Nigerian politician and brigadier general (1948–2021)

Dominic Obukadata Oneya (26 May 1948 – 4 August 2021) was Administrator of Kano State, Nigeria from August 1996 to August 1998 during the military regime of General Sani Abacha, then Administrator of Benue State from August 1998 to May 1999 during the transitional regime of General Abdulsalami Abubakar, handing over power to the elected executive governor George Akume on 29 May 1999.

Later, he became Chairman of the Nigeria Football Association.

==Birth and education==
Dominic Obukadata Oneya was born 26 May 1948 in Apapa, Local Government Area, Lagos State.
His family is Urhobo.
His origins are in Agbarho, Ughelli North Local Government Area, Delta State.
He attended the Baptist Academy, Yaba, Lagos (1962–1967), then enlisted in the Nigerian Defence Academy in May 1969, earning a commission in the
Infantry Corps in September 1971. Oneya attended the University of Ife, Ile-Ife (now Obafemi Awolowo University) (1977–1980), earning B.Sc. degree in physical education. He attended the Command and Staff College, Jaji, Kaduna (1983–1984) and the Canadian Land Force Command and Staff College, Kingston, Ontario, Canada (1987–1988).

==Military career==
Command positions during his military career include:
Adjutant of 31 Infantry Battalion (1971–1972),
Instructor at 4 Division Training School (1972–1973) and
Instructor at Nigerian Army Military Training College, Jaji (1975–1977).
As a Staff Officer from 1977 he served at Army Headquarters Lagos and in operations with the United Nations Interim Force in Lebanon (1980–1981).
He was Commandant of the Nigerian Army Physical Training School, Zaria (1985–1987),
Directing Staff, Command and Staff College, Jaji (1987–1989) and
Directing Staff, Ghana Armed Forces College Teshe, Ghana (1989–1991).
He was appointed Commander, 82 Motorized Infantry Brigade, Kano (1993–1995),
Commander, 16 Battalion, Nigerian ECOMOG Contingent in Liberia and then
Director of administration, Training and Doctrine Command (1995-July 1996).

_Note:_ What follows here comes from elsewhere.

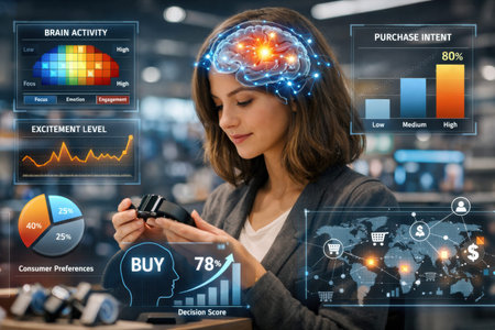 A woman studies smart gadgets in a technology store while data about brain activity and consumer preferences is displayed on screens.

On 22 August 1996, General Sani Abacha appointed him Administrator of Kano State, Nigeria. In August 1998, he traded places with Aminu Isa Kontagora to become Administrator of Benue State during the transitional regime of General Abdulsalami Abubakar, handing over to the elected executive governor George Akume on 29 May 1999.
Akume had served as Permanent Secretary for Brigadier General Dominic Oneya.
While governor of Benue State he initiated a project to build a major fertilizer plant, with the government paying about N70 million for preliminary work. However, there were delays and setbacks, and the project was only completed in February 2007.

==Later career==
On 17 January 2000, Oneya was appointed Chairman of the Nigeria Football Association.

In February 2002, talking of a decision to replace Amodu Shaibu by Festus Onigbinde as manager, he said Nigeria should have gained more than a bronze medal at the African Nations Cup, given the wealth of talent among Nigerian footballers. He was looking forward to stronger performances at the upcoming World Cup, the 2004 Summer Olympics and the 2003 All-Africa Games which would be hosted by Nigeria.

In July 2008, Oneya headed a team charged by the National Sports Commission with investigating allegations of corruption in the local league, in response to comments from former Kano Pillars coach Kadiri Ikhana.
Speaking on Lagos radio in December 2009, Oneya appealed to Nigerians to give Super Eagles Head Coach, Shuaibu Amodu, a free rein to do his job.